A couple of days ago I posted two pictures of the warm and glowing color on one of my trees. The day I did so, the leaves that were on the ground were dry and light and would have been easy to rake. I did not do so and that night it rained; it rained yesterday as well and the ground looks mucky now.
We had some wind yesterday evening and this morning, more of the trees are again the winter sticks that insist on remaining that way until usually late April or early May. It can get depressing; and, in fact, it’s depressing right now because the leaves that fell off those sticks are now on top of the wet ones that were there before.
It is in the 30’s. Gee, a real vacation resort here. However, when I checked the forecast I found out that the wind I see moving my bushes is expected to last all day and right now the sky is blue. It is blowing out of the WSW. Trying to rake to the east would be counter-productive and raking to the west would only help put more leaves in neighboring yards. So I am waiting to see what happens. It is supposed to be a strong wind.
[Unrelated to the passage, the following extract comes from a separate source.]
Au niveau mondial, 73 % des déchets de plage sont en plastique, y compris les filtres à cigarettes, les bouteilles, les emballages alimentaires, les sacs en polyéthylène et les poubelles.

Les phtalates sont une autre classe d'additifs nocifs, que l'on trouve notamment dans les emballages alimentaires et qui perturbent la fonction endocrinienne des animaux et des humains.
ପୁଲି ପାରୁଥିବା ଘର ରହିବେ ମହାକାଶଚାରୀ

And, by gosh, I think I already feel uplifted – amazing, no?
Having achieved this state, I am delaying walking into the kitchen where I know people have left stuff that needs to be cleaned up and into the laundry room where clothes are waiting. Perhaps if I opened the windows, the mess would all just blow away in that WSW wind. Of course, having identifiably clothes and dishes and so forth splatting against neighboring houses could incur retribution – and with Halloween right around the corner, it could be chalked up to hooligan activity. There are times it is best to think things through.
Today is the Grand Opening of the newly-remodeled Kroger store in town; there are streamers on the parking lots lights and pennants at the very top of each pole. Of course, they are dancing in the wind. However, they have mounted this tiny little Grand Opening sign; odd, but then it’s their business . . . literally. I am guessing that they will be trying to attract shoppers with bargain prices and I’m betting that if they are encouraging lots of people to come, they won’t be crowding the aisles with samples. I think companies will want Sample Day (of the Holiday Season Kind) to not be overshadowed bargain-hunters overruning the tables they set up in the aisles.
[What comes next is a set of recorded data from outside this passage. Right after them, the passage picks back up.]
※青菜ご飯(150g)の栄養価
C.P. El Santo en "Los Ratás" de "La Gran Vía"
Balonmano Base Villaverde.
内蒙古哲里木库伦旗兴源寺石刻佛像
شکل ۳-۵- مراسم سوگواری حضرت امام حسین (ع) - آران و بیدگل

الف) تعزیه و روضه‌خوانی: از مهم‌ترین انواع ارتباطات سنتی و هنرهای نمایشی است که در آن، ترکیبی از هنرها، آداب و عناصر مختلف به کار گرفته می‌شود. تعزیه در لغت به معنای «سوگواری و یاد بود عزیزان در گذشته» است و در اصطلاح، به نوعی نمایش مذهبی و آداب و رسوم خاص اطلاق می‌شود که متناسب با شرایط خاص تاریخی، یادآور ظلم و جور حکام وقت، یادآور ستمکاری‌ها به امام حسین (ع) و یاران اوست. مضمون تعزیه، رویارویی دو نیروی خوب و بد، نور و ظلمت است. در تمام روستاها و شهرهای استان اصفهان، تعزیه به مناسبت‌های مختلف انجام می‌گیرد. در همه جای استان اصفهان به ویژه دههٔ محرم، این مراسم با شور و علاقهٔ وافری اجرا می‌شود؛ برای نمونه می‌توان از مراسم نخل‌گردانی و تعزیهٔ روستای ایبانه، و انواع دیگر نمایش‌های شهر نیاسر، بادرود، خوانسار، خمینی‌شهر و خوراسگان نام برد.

It makes sense: sample day is to entice people to spend a little extra for that that special touch for a meal or to introduce a new snack or holiday-themed item of the eggnog category. I may be wrong, but since I am on a diet, I don’t have much riding on my analysis. Now, if Quentin were here, we would make a fun time of Sample Day and I certainly would not want to miss it. Comparing impressions of what tastes good and plotting strategic multiple passes of the best booths.
Now, we are not the type of people who take advantage of such things, but we like to pretend that we are espionage experts, snarfing up important information hidden in crab meat concoctions. And, more often than not, we would buy what was being offered for out taste buds to sample. It is such a minor thing, I suppose, but I dearly miss those times of light-hearted sly moves and laughter.
And I miss going to the store with my parents, who would never, ever consider entering a business in anything other than very presentable dress, who would be very polite to all the workers and, especially Daddy – strike up a conversation with anyone from a sample lady to a fellow mopping up a spill. I wish I were more like them, and I wonder why I wish that instead of actually trying to be that way. Am I so got up in my selfish concerns that I can’t put a bit of effort into treating the daily things of life with some respect?
This is a time of an overwhelming sense of loss for me and I’d like to let that wind I mentioned carry off some feelings and emotions and just get in step with the ending of A Christmas Carol and have some good will and keep the holidays well.
Instead of packing things away, I want to be digging into boxes and pulling out decorations for fall and Thanksgiving and Christmas traditional items and the warmth of memories that reach across the years and build with each season. I’d like to imagine someone pulling out something decades from now and saying, “My grandmother always loved this little Santa – she said it was on her tree when her grandmother was alive.” Or to put out a tree stand cover and point out the fact it was made over weeks of time at the LaGrange House. Sequins, embroidery, gold braid making reindeer and sleighs and Santa’s – all coming together on the big oak table that had been her grandfather’s.
Well, I’m supposed to have some creativity so maybe I should actually show a little of it. I should start by making a huge batch of pixie dust to throw on the Scrooges I encounter – and I guess I could sprinkle some on myself as well.
I think if I could be granted one wish, it would be to have those around me open to being in good spirits – no humbugers.